These usurpations rendered the annual election almost nugatory; the same members were usually renewed, and though the dignity of councillor was not yet hereditary, it remained, upon the whole, in the same families. In this transitional state the Venetian government continued during the thirteenth century; the people actually debarred of power, but a hereditary aristocracy not completely or legally confirmed. The right of electing, or rather of re-electing, the great council was transferred, in 1297, from the tribunes, whose office was abolished, to the council of Forty; they ballotted upon the names of the members who already sat, and whoever obtained twelve favouring balls out of forty retained his place. The vacancies occasioned by rejection or death were filled up by a supplemental list formed by three electors, nominated in the great council. But they were expressly prohibited, by laws of 1298 and 1300, from inserting the name of anyone whose paternal ancestors had not enjoyed the same honour. Thus an exclusive hereditary aristocracy was finally established. And the personal rights of noble descent were rendered complete in 1319, by the abolition of all elective forms. By the constitution of Venice as it was then settled, every descendant of a member of the great council, on attaining twenty-five years of age, entered as of right into that body, which of course became unlimited in its numbers.
[1297-1319 A.D.]
These gradual changes between 1297 and 1319 were first made known by Sandi.[i] All former writers, both ancient and modern, fix the complete and final establishment of the Venetian aristocracy in 1297.
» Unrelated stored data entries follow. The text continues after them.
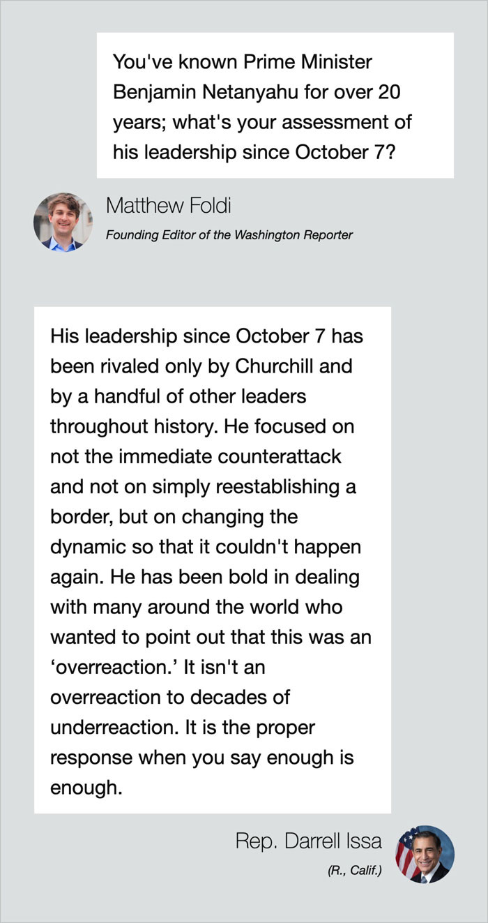 TEL AVIV, Israel — The Middle East will never look the same, following the barbaric attacks on southern Israel by Hamas and other Palestinian terrorists. Rep. Darrell Issa (R., Calif.), the Vice Chairman of the House Foreign Affairs Committee, has had a front row seat, both to the changes since October 7 and over the past several decades. Issa — who on that fateful October 7 day was set to fly to Israel from Saudi Arabia — told the Washington Reporter in an exclusive interview in Tel Aviv that the changes on the ground are extensive. “What we've seen is the vulnerabilities that we were told existed come to pass,” he said. “We've seen Syria fall. We've seen Hamas be diminished. We've seen Iran in free fall, looking to others to prop them up. We've also seen during that period of time a reluctance by President Joe Biden and his administration to weigh in.” Issa’s latest visit to the region finds him leading a Congressional Delegation of six other members that includes stops in Egypt, Israel, Jordan, and Lebanon. His visit in Israel coincided with the 500-day anniversary of the terrorist attack on southern Israel. “We've seen Israel, to a great extent, taking the lead, diminishing Iran's anti-aircraft capability, creating a situation in which the collapse of Hezbollah, the collapse of Hamas, and a recognition that the status quo does not have to continue,” he said. Despite the horrors of that day, Issa believes that Israel is rapidly approaching a normalization with Muslim countries like Indonesia and Saudi Arabia, which would be the crown jewel of the Abraham Accords initiated by the first Trump administration. Issa, who will return to Saudi Arabia in a few months, added that Crown Prince Mohammed bin Salman told him in the past that “we have a deal. It's a question of when.” Issa added: “That timing would have been long ago, had the weakness of the Biden administration not led to a belief by Hamas that they could act. They were wrong, but it has caused a delay.” While Issa noted that “no one in the Arab or Muslim world is bypassing the Palestinian situation,” he added that, practically speaking, “the leaders of Arab and Muslim nations have decided that they will sit at the table with Israel as a partner to help solve that problem, rather than staying on the outside, saying ‘solve the problem, and then we'll talk.’” Issa’s CODEL included high-level meetings with leaders from across the Middle East, including Israeli Prime Minister Benjamin Netanyahu — who Issa has known for decades. He told the Reporter that Netanyahu’s “leadership since October 7 has been rivaled only by Churchill and by a handful of other leaders throughout history. He focused on not the immediate counterattack and not on simply reestablishing a border, but on changing the dynamic so that it couldn't happen again. He has been unambiguous in his statements. He has been bold in dealing with many around the world who wanted to point out that this was an ‘overreaction.’ It isn't an overreaction to decades of underreaction. It is the proper response when you say enough is enough.” A message from our sponsor.
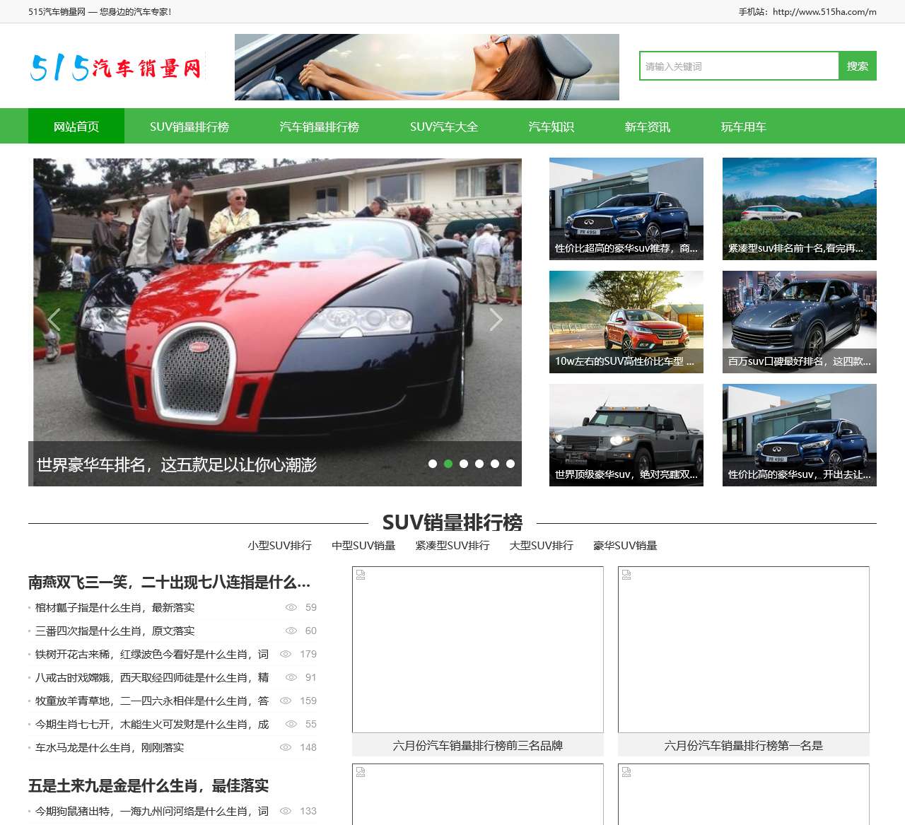 欢迎来到515汽车销量网,您的SUV车型大全和汽车销量排行榜的专业指南。我们为您提供全面的汽车知识、新车资讯以及各类SUV车型推荐。无论您是寻找10万内的SUV车型,还是关注世界豪华车排名,我们都有详尽的介绍和推荐。
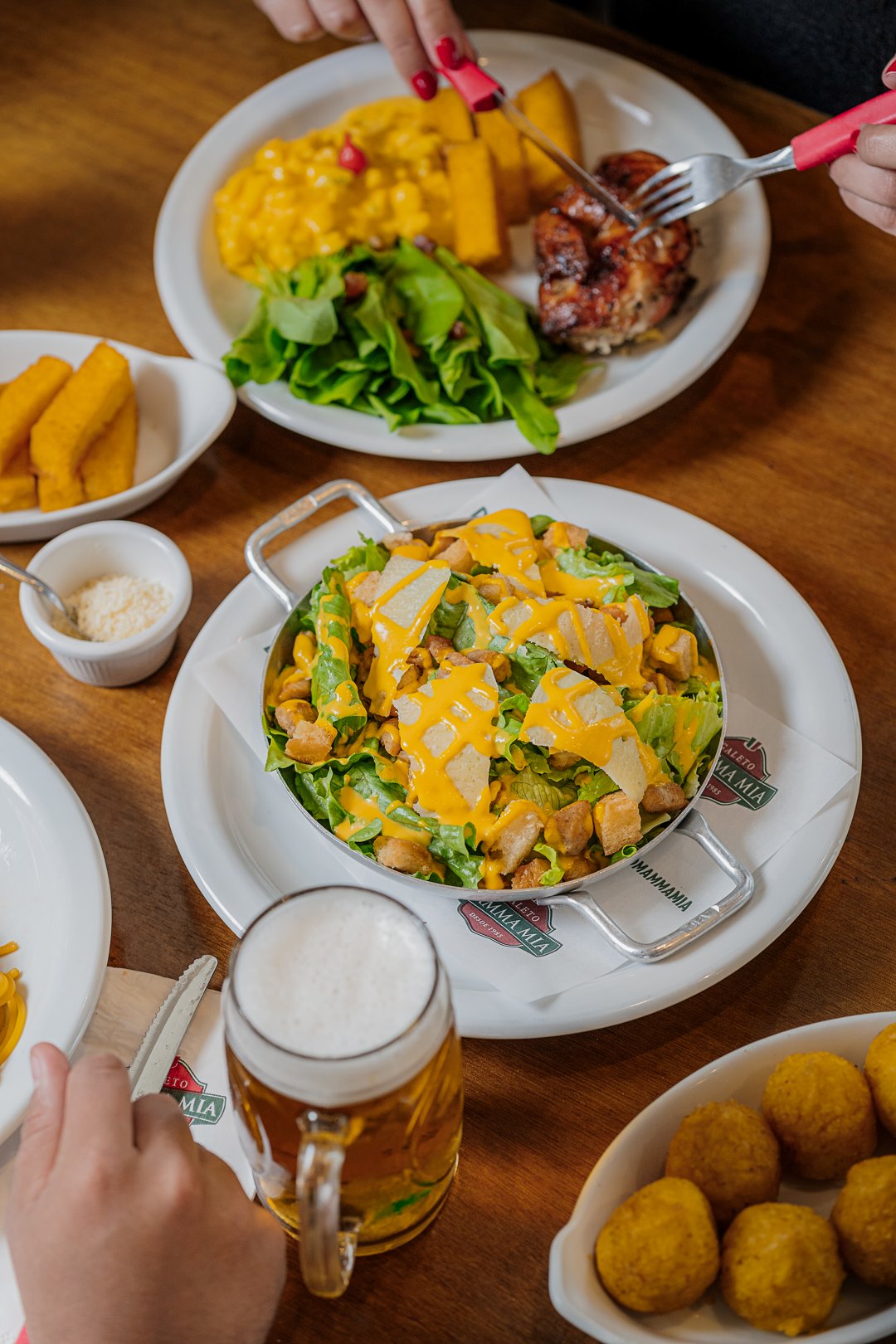 Entre as opções, estão o galeto assado na brasa com tempero exclusivo, massas frescas com molhos variados, polenta frita crocante, salada de radicci com bacon e a clássica sopa de capeletti. O radicci, inclusive, é orgânico e cultivado nas terras da família Cavichioni, que pertenceram ao avô paterno do fundador da rede, Julinho Cavichioni. As sobremesas — como pudim de leite e sagu — e bebidas como vinho em taça e chopp completam a experiência.
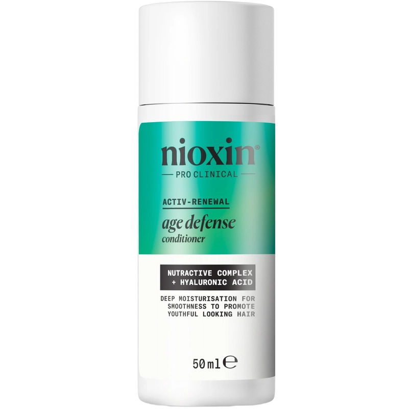Nioxin Age Defense Conditioner is een verzorgende conditioner speciaal ontwikkeld voor ouder wordend haar. Deze lichte, intens hydraterende conditioner versterkt het haar, beschermt het tegen breuk en maakt het zijdezacht van wortel tot punt. Het bestrijdt ook de droogheid en broosheid die vaak voorkomen bij ouder wordend haar. Dankzij de krachtige formule met hyaluronzuur, niacinamide en cafeïne hydrateert het zowel haar als hoofdhuid intensief. Gebruik het in combinatie met de producten uit de Nioxin Age Defense routine om de hoofdhuid te revitaliseren, de haarfollikelactiviteit te ondersteunen en de melanineproductie te bevorderen voor voller, glanzender en jeugdiger haar. De kleurveilige formule is vrij van sulfaten, siliconen en parabenen en biedt de dagelijkse hydratatie die ouder wordend haar nodig heeft, zonder het te verzwaren. Voordelen: - Conditioner - Ontwikkeld voor ouder wordend haar - Diep hydraterend - Versterkend - Verzachtend - Voorkomt droogheid en broosheid - Verzwaart het haar niet - Kleurveilig Gebruiksaanwijzing: - Verdeel gelijkmatig over haar en hoofdhuid na het wassen - Laat 3-5 minuten inwerken en spoel vervolgens grondig uit
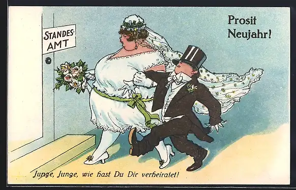 AK Klein geratener Bräutigam mit dicker Riesendame vor dem Standesamt, Neujahrsgruss
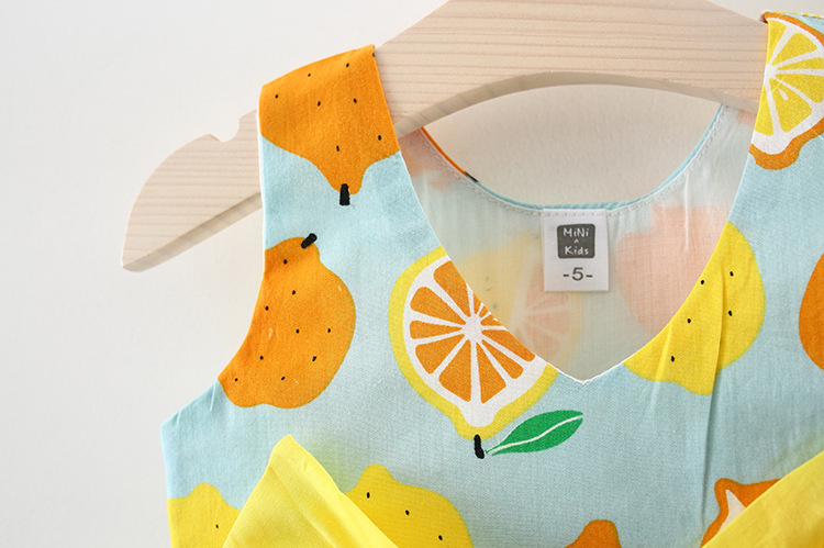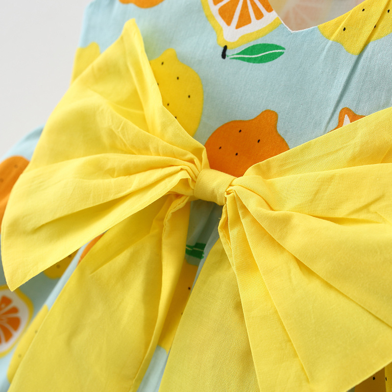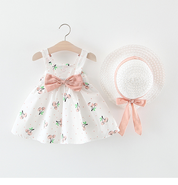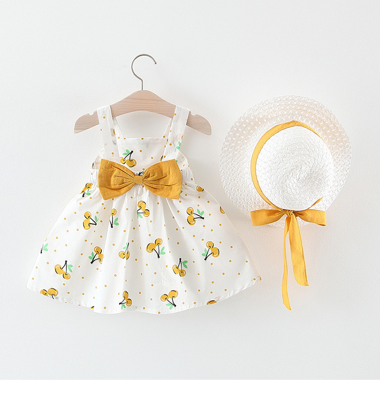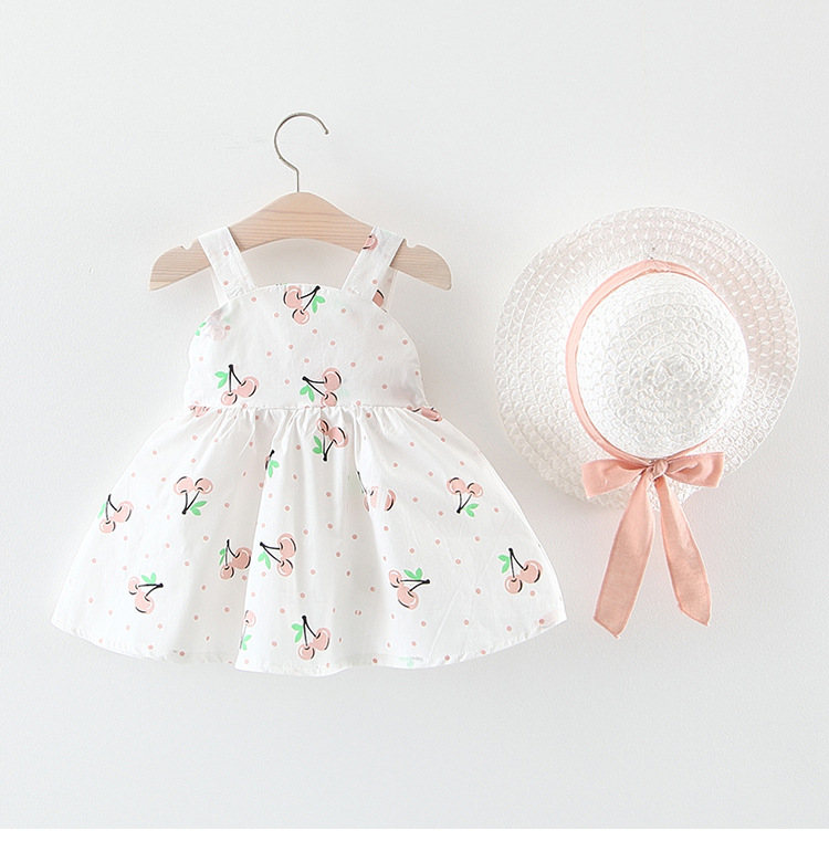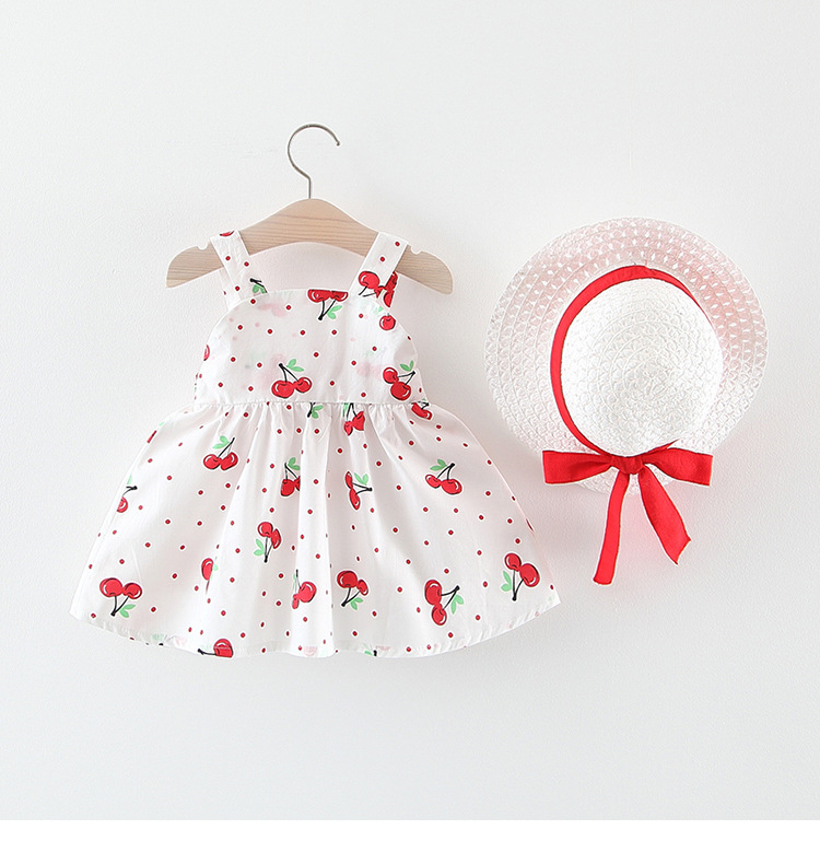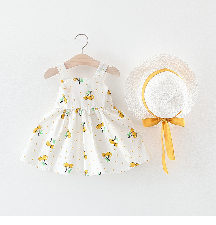 Лето 2019, новое платье для маленьких девочек, детское платье-майка с принтом вишни и фруктами, с солнцезащитным козырьком

But an assembly so numerous as the great council, even before it was thus thrown open to all the nobility, could never have conducted the public affairs with that secrecy and steadiness which were characteristic of Venice; and without an intermediary power between the doge and the patrician multitude the constitution would have gained nothing in stability to compensate for the loss of popular freedom. The great council had proceeded, very soon after its institution, to limit the ducal prerogatives. That of exercising criminal justice, a trust of vast importance, was transferred in 1179, to a council of forty members annually chosen. The executive government itself was thought too considerable for the doge without some material limitations. Instead of naming his own assistants or pregadi, he was only to preside in a council of sixty members, to whom the care of the state in all domestic and foreign relations, and the previous deliberation upon proposals submitted to the great council was confided.
A Venetian Senator
This council of pregadi, generally called in later times the senate, was enlarged, in the fourteenth century, by sixty additional members; and as a great part of the magistrates had also seats in it, the whole number amounted to between two and three hundred. Though the legislative power, properly speaking, remained with the great council, the senate used to impose taxes, and had the exclusive right of making peace and war. It was annually renewed, like almost all other councils at Venice, by the great council. But since even this body was too numerous for the preliminary discussion of business, six councillors, forming, along with the doge, the seigniory, or visible representative of the republic, were empowered to despatch orders, to correspond with ambassadors, to treat with foreign states, to convoke and preside in the councils, and perform other duties of an administration. In part of these they were obliged to act with the concurrence of what was termed the college, comprising, besides themselves, certain select councillors, from different constituted authorities.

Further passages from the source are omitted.